Visual regression tests are designed to find visual ‘bugs’ that otherwise cannot be discovered by functional testing tools, such as misaligned buttons, overlapping images or texts, partially visible elements, responsive layout and rendering issues, etc.
In the example below (as seen in figure 1), a human eye will be able to detect that the web page in the second instance has visual defects. The title and info texts overlap, making the content illegible. To make matters worse, the “Explore Now” button is covered up by text obstructing users from selecting it. These defects will go unnoticed in a functional test since the test will be able to find all the elements and click the button regardless of where it is placed. Scenarios like this can lead to a very unpleasant experience for the end-user and even affect usability.
Figure 1: Baseline and modified images showing visual differences
Traditional visual regression testing approaches and their limitations
Modern websites are composed of hundreds of web pages with millions of elements. Theoretically, applications could be screened manually to identify visual bugs, but manual visual testing is costly, fallible, and quite impractical.
Take an example of a web page running on three operating systems (Windows, MacOS and Android), five browsers (Chrome, Edge, Firefox, IE, and Safari) and twenty resolutions (for standard mobile and laptop/desktop display). A manual tester will need to inspect:
3 X 5 X 20 = 300 screen configurations for just the single web page.
Now, if there were ten applications that needed to be tested across ten different languages and each of these applications had just two pages with code changes per week, then the number will quickly grow into:
300 X 10 X 10 X 2 = 60,000 screen configurations to test every week!

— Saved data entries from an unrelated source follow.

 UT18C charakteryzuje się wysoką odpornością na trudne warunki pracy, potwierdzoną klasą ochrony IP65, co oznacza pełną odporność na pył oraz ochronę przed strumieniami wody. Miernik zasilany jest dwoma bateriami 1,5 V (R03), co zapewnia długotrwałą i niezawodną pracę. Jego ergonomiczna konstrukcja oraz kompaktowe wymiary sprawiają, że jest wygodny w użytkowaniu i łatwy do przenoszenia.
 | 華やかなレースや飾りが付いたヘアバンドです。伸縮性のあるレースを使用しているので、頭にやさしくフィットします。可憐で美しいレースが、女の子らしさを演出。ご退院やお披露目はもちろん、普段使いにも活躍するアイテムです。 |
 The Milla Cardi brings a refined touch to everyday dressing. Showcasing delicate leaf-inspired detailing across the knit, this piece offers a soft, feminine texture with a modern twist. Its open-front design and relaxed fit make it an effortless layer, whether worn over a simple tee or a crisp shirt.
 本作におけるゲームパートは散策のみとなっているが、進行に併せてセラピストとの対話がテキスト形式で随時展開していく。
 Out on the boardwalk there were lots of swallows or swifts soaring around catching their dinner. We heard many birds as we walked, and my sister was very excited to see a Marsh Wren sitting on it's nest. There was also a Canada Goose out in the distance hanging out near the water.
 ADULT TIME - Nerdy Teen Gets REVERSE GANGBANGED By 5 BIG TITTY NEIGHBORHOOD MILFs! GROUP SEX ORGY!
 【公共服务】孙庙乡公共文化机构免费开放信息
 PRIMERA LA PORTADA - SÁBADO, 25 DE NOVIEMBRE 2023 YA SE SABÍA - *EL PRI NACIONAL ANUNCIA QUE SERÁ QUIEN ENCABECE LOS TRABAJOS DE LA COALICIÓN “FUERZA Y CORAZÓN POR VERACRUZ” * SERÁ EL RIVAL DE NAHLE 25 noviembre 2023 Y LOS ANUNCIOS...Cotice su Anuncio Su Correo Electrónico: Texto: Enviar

60,000 visual regression tests every week demands a very large quality assurance (QA) team straining their eyes to catch all the visual bugs, although realistically it is a ‘mission impossible’ for humans to spot every visual change, posing a risk of shipping visual bugs into production which can directly affect user experience.
Alternatively, automation engineers could write test assertions and locators to automate visual testing. Love the idea? Wait, there’s a catch. Creating and maintaining complex tests to check the placement of every element on a web page and its styles is tedious and impossible because you can't ascertain visual "correctness" through code.
Traditional approaches thus force organizations to either shrink their test coverage or slow down their releases. Visual AI applied to visual regression test frameworks addresses the limitations of conventional strategies discussed so far.
Visual AI mimics the human eye and brain but doesn't get tired or bored. It combines the strengths of machine learning and computer vision to identify visual defects in a web page.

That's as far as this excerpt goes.